Donegal Co Council testing a new treatment to fight Japanese knotweed

" This is in its very early stages but it would be a very exciting development if it proves successful"

Donegal Co Council testing a new treatment to fight Japanese knotweed

Japanese knotweed damage is not uncommon when the weed attempts to grow through the weakest points in the property foundation

Donegal County Council may be on the verge of introducing an innovative new way of dealing with the dreaded invasive species known as Japanese knotweed which is becoming an ever more increasing problem in this county. 

This robust perennial plant grows rigorously and has the potential to spread rapidly, growing up to 2-3m in one growing season. It can grow almost anywhere as can tolerate extreme conditions such as low temperatures, acidic soils and waterlogged/saline environments.

It also has the ability to grow through any existing weakness in concrete, asphalt, and other hard-standing areas and so it has the potential to undermine the structural integrity of masonry walls, bridges, roads, buildings etc.

It can also increase soil erosion along river banks. It propagates quickly so it can colonise an area very quickly, is costly to remove and out-competes native species

The matter was raised at the last meeting of the Lifford-Stranorlar Municipal District by Cllr Gary Doherty, who is also chairman of the council's environment strategic policy committee, who said he wanted to know if the council had been engaged in a programme in this district to tackle this particular invasive species.

"I believe there may have been a pilot programme ongoing in conjunction with the Castlefin Flood Relief Scheme but the report before us only states that the procurement of contractors is ongoing for Castlefin and the Twin Towns," he said.

He added he knew this particular report to their meeting was out of date but wanted to know if there were any updates on not only Castlefin but for the Twin Towns and Lifford too. He pointed out he felt they should know about the threat posed by this invasive species not only in municipal districts but at the county level too.

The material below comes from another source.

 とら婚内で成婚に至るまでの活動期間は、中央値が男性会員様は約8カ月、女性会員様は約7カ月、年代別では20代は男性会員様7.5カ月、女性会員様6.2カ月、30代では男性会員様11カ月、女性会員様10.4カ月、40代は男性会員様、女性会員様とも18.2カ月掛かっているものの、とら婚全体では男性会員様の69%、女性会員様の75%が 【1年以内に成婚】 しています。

"I believe any treatment of Japanese knotweed has to be on a multi-annual basis and given the concerns around invasive species and the impact that they have on the local environment it's very important we are dealing with it in the light of any projects we might have in this municipal district," said Cllr Doherty.

The council's senior engineer in water and environment services, Seamus Hopkins told the meeting that Japanese knotweed tends to be an aquatic plant along their riverbanks and was a key issue in relation to their flood relief schemes.

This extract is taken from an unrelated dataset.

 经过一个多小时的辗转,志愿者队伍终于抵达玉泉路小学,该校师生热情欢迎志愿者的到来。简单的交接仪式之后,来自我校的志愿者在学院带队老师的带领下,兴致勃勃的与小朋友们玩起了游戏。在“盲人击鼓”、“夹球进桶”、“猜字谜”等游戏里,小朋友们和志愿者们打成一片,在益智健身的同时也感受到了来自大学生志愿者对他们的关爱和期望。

"We have procured or are in the process of procuring contractors to deal with it and that's ongoing. I know there is ongoing work with roads in relation to Japanese knotweed. I know there was an issue with hedge trimming because when you trim you are only spreading it along the roadside. There is an ongoing campaign of erecting signage to inform the public about the presence of the knotweed.

He revealed the council was looking at an innovative programme in the council's environment sector and through the flood relief schemes about an environmentally friendly way of dealing with it.

"It is in its very early stages but involves a mulch that can be spread and is entirely environmentally friendly. Effectively what it does is tricks the knotweed into believing that there is no sunlight canopy and therefore it goes dormant again. Every plant seeks to reach the sun and if it feels it is in an area where there is no sunlight it switches off. This is in its very early stages but it would be a very exciting development if it proves successful," he said.

Cllr Doherty asked what stage this new initiative was at.

Mr Hopkins said it was very much in the pilot stage.

"We are looking at its effectiveness and that hasn't been determined yet. It's very early days and I wouldn't like to jinx it but we're excited about it and we will see what happens," he said.